Data Normalization in Machine Learning

If you are a beginner to machine learning domain, you've undoubtedly puzzled a lot about the meaning and impact of the phrase "feature normalisation." If you've read any Kaggle kernels, you've almost certainly come across feature normalisation in the data preparation part. So, what exactly is data normalisation, and why is it so important to data practitioners?.

What is Normalization?

Typically, “normalising” a vector implies dividing by the vector's norm. It also frequently refers to rescaling by the vector's minimum and range to make all of the elements lie between 0 and 1, bringing all of the values of numeric columns in the dataset to a similar scale.

Lets Understand More About It !

Methods of Data Normalization –

Min-Max Normalization
Decimal Scaling
z-Score Normalization(zero-mean Normalization)

1. Min-Max Normalization

The original data is transformed linearly in this data normalisation approach. The minimum and maximum values from the data are retrieved, and each value is changed using the formula below. This method rescales the range of the data to [0,1]. Here is the formula
Here, Xmax and Xmin are the maximum and the minimum values of the feature respectively.
When the value of X is the minimum value in the column, the numerator will be 0, and hence X’ is 0.
On the other hand, when the value of X is the maximum value in the column, the numerator is equal to the denominator and thus the value of X’ is 1. If the value of X is between the minimum and the maximum value, then the value of X’ is between 0 and 1.

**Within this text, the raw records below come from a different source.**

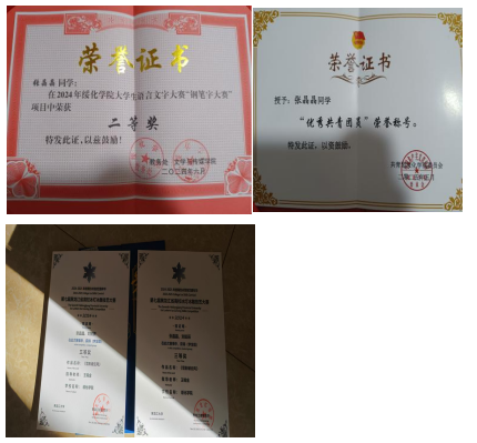 绥化学院大学生语言文字能力大赛二等奖及冰彩画优秀奖;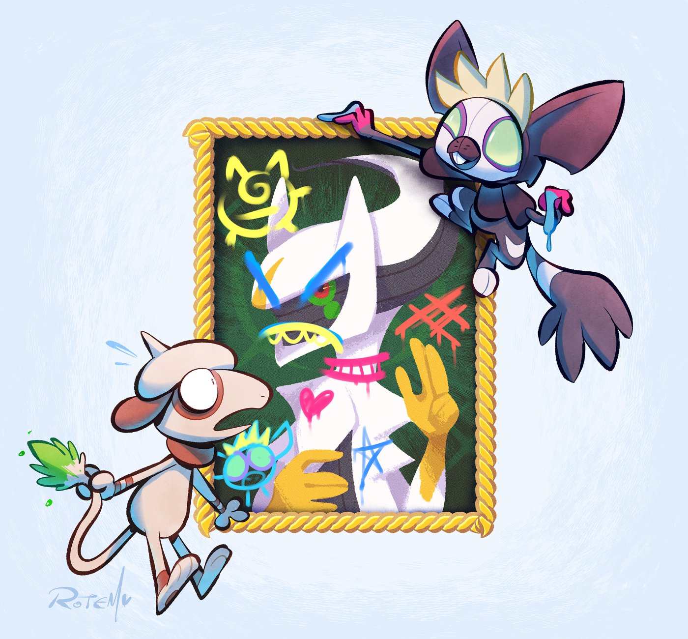 arceus character_print commentary drawing_(object) flying_sweatdrops gen_2_pokemon gen_4_pokemon grafaiai graffiti green_eyes hanging highres holding legendary_pokemon mythical_pokemon nintendo no_humans open_mouth paint picture_frame pokemon pokemon_(creature) signature smeargle tail tail_grab vaporotem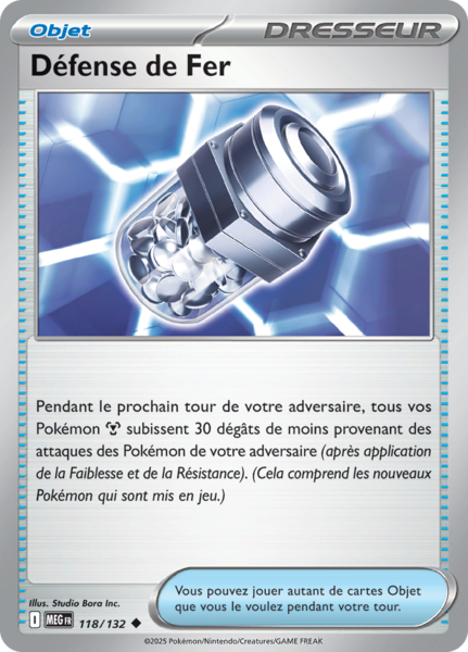 Pendant le prochain tour de votre adversaire, tous vos Pokémon Métal subissent 30 dégâts de moins provenant des attaques des Pokémon de votre adversaire (après application de la Faiblesse et de la Résistance). (Cela comprend les nouveaux Pokémon qui sont mis en jeu.)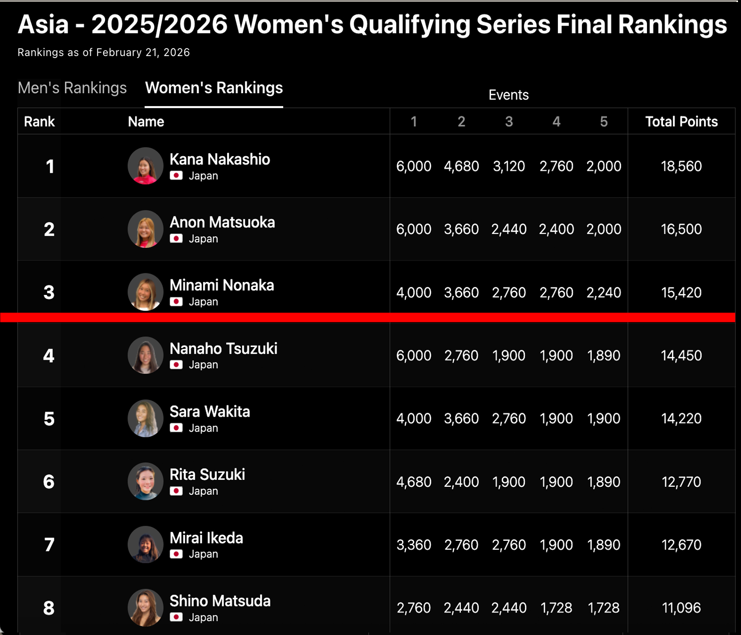 女子アジアQSランキングは依然として中塩佳那が2000ポイント以上の差を付けてトップを独走し最終戦は欠場。2位に松岡亜音、3位にバーレーでファイナルに残った野中美波がトップ3を維持。都築虹帆が4位につけ、脇田紗良が5位、鈴木が6位、池田が7位で最終戦に挑む。がんばれ!日本!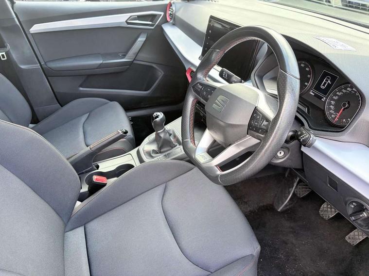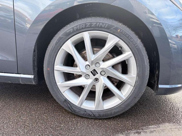 'Lights On' Reminder warning buzzer, 9.2" touchscreen navigation system with type C USB socket, Voice control and DAB/AM/FM radio, Auto start and stop system, Bluetooth audio streaming with handsfree system, Digital clock, E-call, Full link smartphone integration with mirror link, wireless apple carplay, Google android auto + USB Type C cable for apple and android devices, Lane assist, Low fuel warning light, Outside temperature gauge, Power Steering, Seat connect with safety, service, remote and online, SEAT drive profiles and ECO function, SEAT logo boot release, Speed limiter, Trip computer, Sports suspension, Auxiliary input socket, Radio/MP3 player, SD card slot, Steering wheel mounted controls, Anti theft roof antenna, Auto dimming rear view mirror, Automatic rain sensing wipers, Black door mirrors, Body colour bumpers, Body colour door handles, Brilliant black window surrounds, Dark tinted rear windows, Electric adjustable/heated/folding door mirrors, Electric front windows, Electric headlight adjustment, Electric rear windows, Front/rear fog lights, FULL LED automatic headlights with dynamic headlight range control, coming and leaving home, LED daytime running lights, LED tail lights, Rear roof spoiler with FR twin exhausts, Rear side wing doors, Rear wiper, Third brake light, 3 seat bench in 2nd row, 60/40 split folding rear seat, Ambient interior lighting, Chrome detailing and black headlining, Cloth upholstery, Dual zone climate control with combination filter, Front courtesy lights, Front cupholders x 2, Front reading lights, Gear shift indicator, Glovebox, Height adjustable front and rear headrests (five), Height adjustable front seats, Height/reach adjust steering wheel, Illuminated air vent surrounds, Illuminated boot, Instrument lighting with brightness control, Isofix, Leather multifunction flat bottomed sports steering wheel, Passenger sunvisor, Single front passenger seat, Sports seats, Sunvisors with mirror and driver side card holder, 3 point seatbelts on all 3 rear seats, ABS, Active front headrests, Child locks on rear doors, Electronic stability control, Energy recovery system, Front assist forward collision warning and autonomous emergency braking, Front driver and passenger side airbags with curtain airbag and front passenger airbag deactivation, Hill hold control, Multi-Collision braking, Seat belt reminder for front and rear seats, Tiredness recognition system, Tyre pressure monitoring system, Electronic engine immobiliser, Locking wheel bolts, Perimeter alarm and interior monitoring with backup horn and tow away protection, Remote central locking + deadlocks, 17" Alloy wheels in Brilliant silver,

For example, we might estimate the min and max observable values for a dataset as 30 and -10. Then we may normalise any value, such as 18.8, as follows:
y = (x – min) / (max – min)
y = (18.8 – (-10)) / (30 – (-10))
y = 28.8 / 40
y = 0.72
As can be seen, if an x value is supplied that is outside of the lowest and maximum values, the resultant value will not be between 0 and 1. Prior to creating predictions, you may look for these observations and either delete them from the dataset or limit them to the pre-defined maximum and lowest values.

The scikit-learn object MinMaxScaler may be used to normalise your dataset.

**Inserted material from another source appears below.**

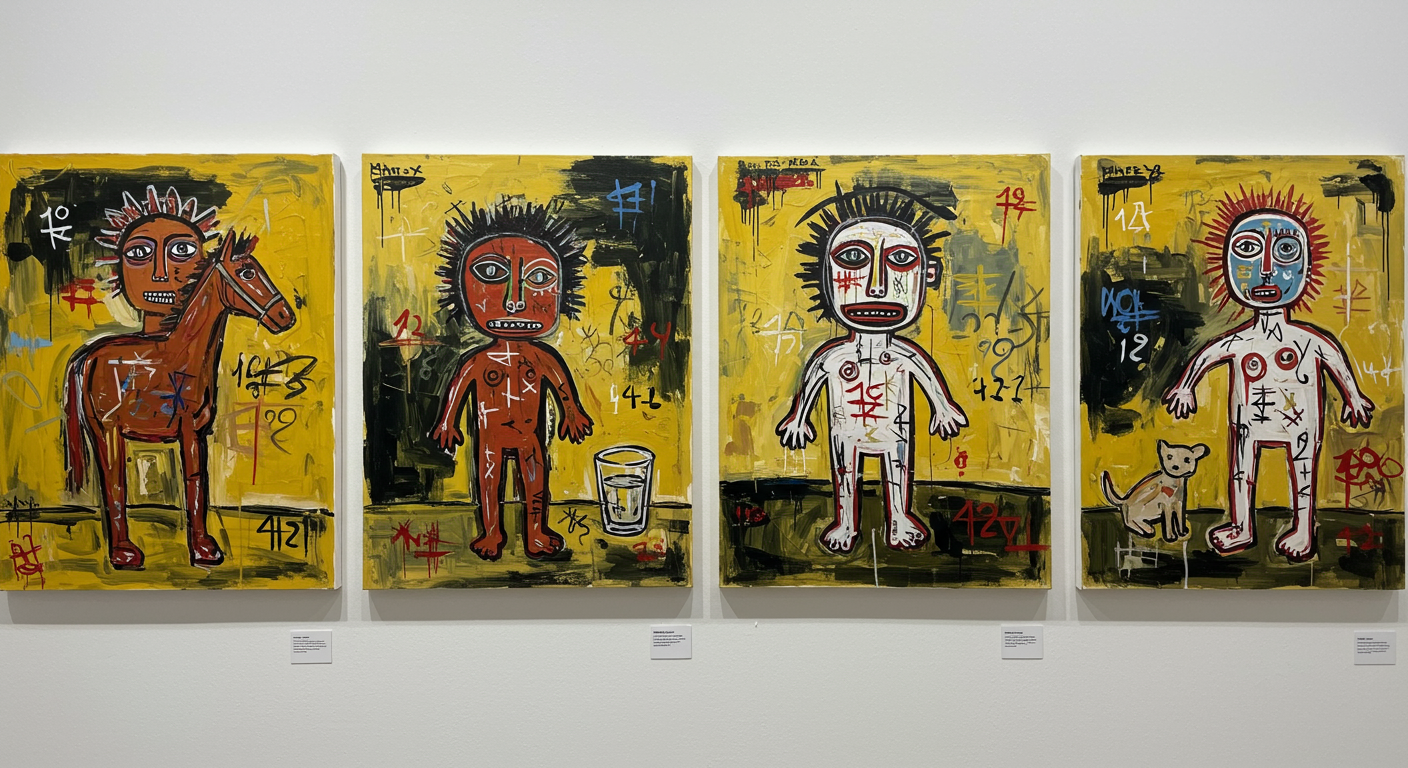 A grouping of black-and-white paintings and painted sculptures were part of a series of matadors and bulls that intrigued gallery guests, as well as wildly popular variations of a shadowy horse and rider like one holding a spear and shield against a bold yellow backdrop with the words “Don Quixote” written in dripping red paint.

The following are some good practises for using the MinMaxScaler and other scaling techniques:

Using given training data, fit the scaler. This indicates that during normalisation, the training data will be utilised to estimate the lowest and maximum observable values. This is accomplished by invoking the fit() method.
Use the scale on training data. This implies you may train your model using the normalised data. This is accomplished by invoking the transform() function.
In the future, apply the scale to data. This implies that in the future, you can prepare new data on which to make forecasts.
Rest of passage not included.